- DVD cover
- Directed by: S. T. Vendan
- Written by: Subha (dialogues)
- Story by: Vendhan
- Produced by: Vijayasri Nandakumar
- Starring: Shaam Sneha
- Cinematography: Sai Trilok
- Edited by: G. R Anil Malnad
- Music by: P. B. Balaji
- Production company: Rathnamala Movies
- Release date: 21 March 2008;
- Running time: 125 minutes
- Country: India
- Language: Tamil

= Inba (film) =

Inba (spelt onscreen as Inbaa) is a 2008 Indian Tamil-language masala film directed by S. T. Vendan. The film stars Shaam and Sneha, with Arun Pandian in an antagonistic role. It was released on 21 March 2008. The film marks the third collaboration between Shaam and Sneha after Yai! Nee Romba Azhaga Irukey! and ABCD.

== Plot ==

Inba is a rough character who works under Priya's brother, Malai Ganesan, as a bodyguard of Priya. Priya is an usurious girl, spending most of the time with her friends and absenting herself from the college several times. Hence Malai Ganeshan employs Inba, his faithful servant to guard Priya's activities. Priya insults him several times since she was not interested in somebody guarding her all the time. Priya falls for Inba, but he rejects it. In the meantime, Malai Ganeshan learns of the love affair and opposes it by beating up Inba.

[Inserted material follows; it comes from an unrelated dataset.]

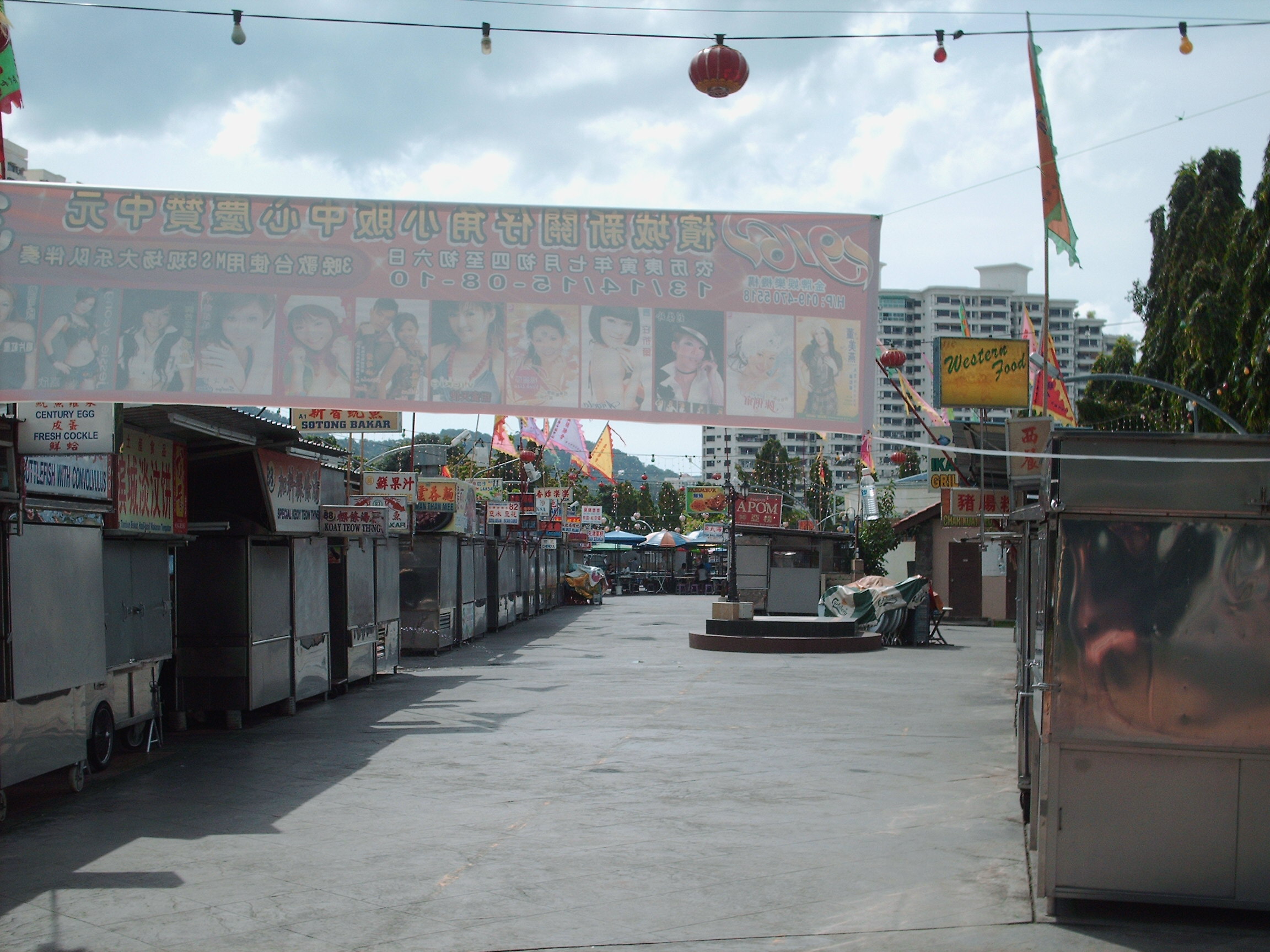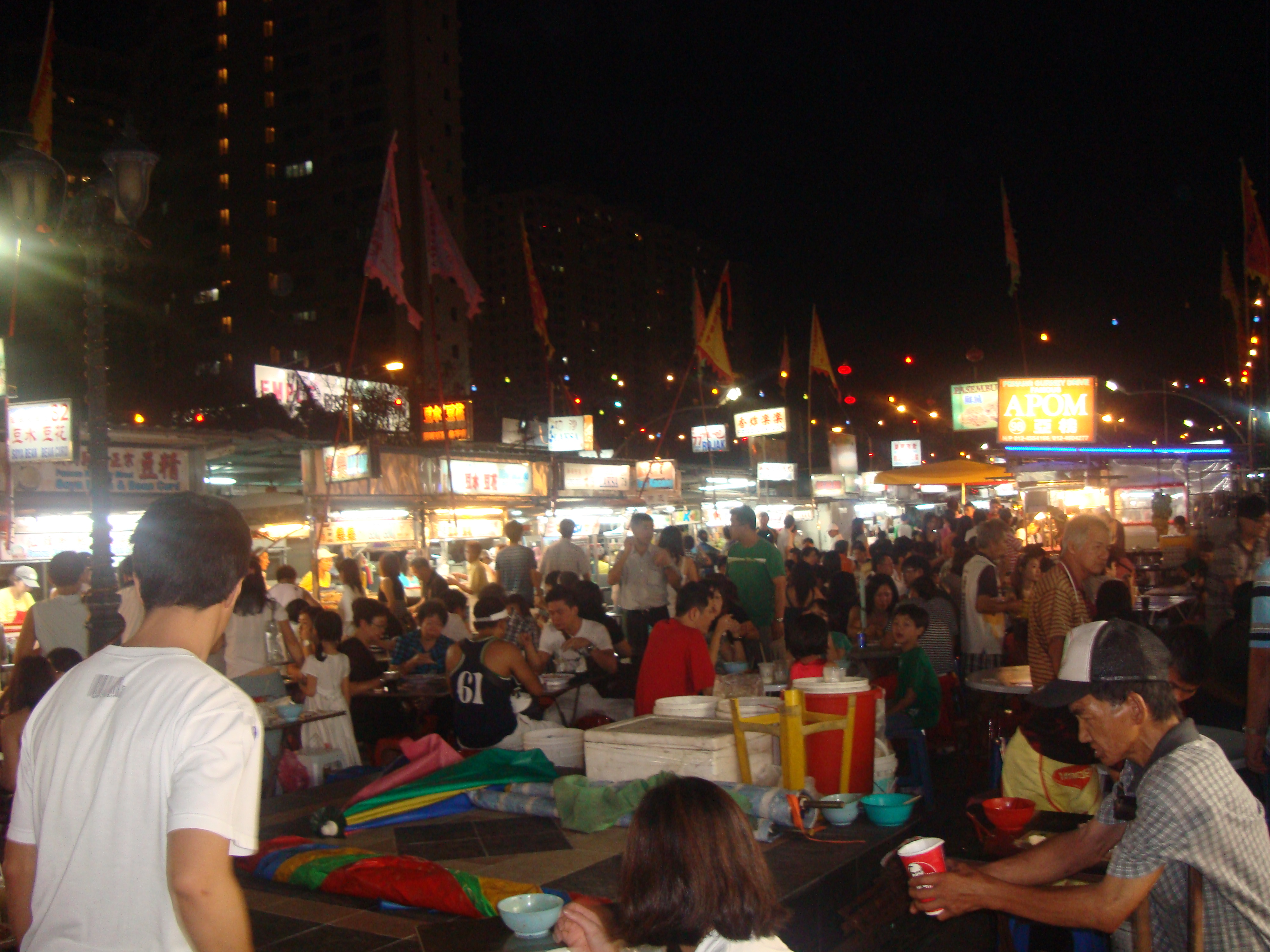 S'avonds zijn we met de taxi naar Gurney plaza gereden een hele grote mall. Vlak daarnaast op Gurney drive vind je de beroemde hawkers foodstalls, dat is een pleintje waar allemaal kleine eetstalletjes staan, elk stalletje verkoopt weer eten van een andere keuken, Zo kan het gebeuren dat mensen aan 1 tafeltje de Maleise satay eten samen met een indiaanse roti canai en de ander heeft hokkien mee met tandoori chicken, je koopt gewoon wat je lekker vind en eet het op, op het middenpleintje, ontzettend goedkoop en heel leuk om te doen, maar wel een druk en rommelig gebeuren.

Inba opens a flashback about his love for a girl named Jyothi in school and the rest of story describes how Priya makes him understand his love and finally succeeds in his love after overcoming the hurdles and obstacles laid by Malai Ganeshan.

== Soundtrack ==
The music was composed by P. B. Balaji, in his debut.

| Title | Singer(s) | Length |
|---|---|---|
| "Alankatti" | Tippu, Pop Shalini | 05:14 |
| "En Vizhigal Meethu" | Shreya Ghoshal, Naresh Iyer | 05:05 |
| "Kabul Nattu" | Suchitra, Chorus | 04:48 |
| "Yaro Yaro" | Karthik, Chinmayi | 05:12 |
| "Mayakalli" | Jassie Gift, Anuradha Sriram | 04:39 |
| "Soora Thenga" | Mahesh Panjanathan | 04:51 |

== Release and reception ==
Inbaa was released on 21 March 2008, Good Friday. A critic from Rediff.com gave the film a rating of one out of five stars and wrote that "Everybody spouts the standard lines (what was dialogue-writer Subha thinking?) and once the climax is done, you heave yourself off the cramped seats with relief". Sudhish Kamath from The Hindu wrote that "By all means, go for Inba. It's the most inspiring piece of Tamil cinema. If this chap can make a movie, so can you". A critic from Sify gave the film a verdict of below average and wrote that "The film fails to entertain as the twists and turns are predictable, the Shaam- Sneha romance leaves you cold, and music of P.B Balaji is worth a snore not even one humable number. It is another banal formula film to be avoided". Cinesouth gave the film a negative review.

Following the success of Kick, also featuring Shaam, Inbaa was partially reshot in Telugu as Neelo Naalo with actors Sunil and Junior Relangi. The Telugu version was directed by Nandhu and featured Kothapalli Ramakrishna as the cinematographer.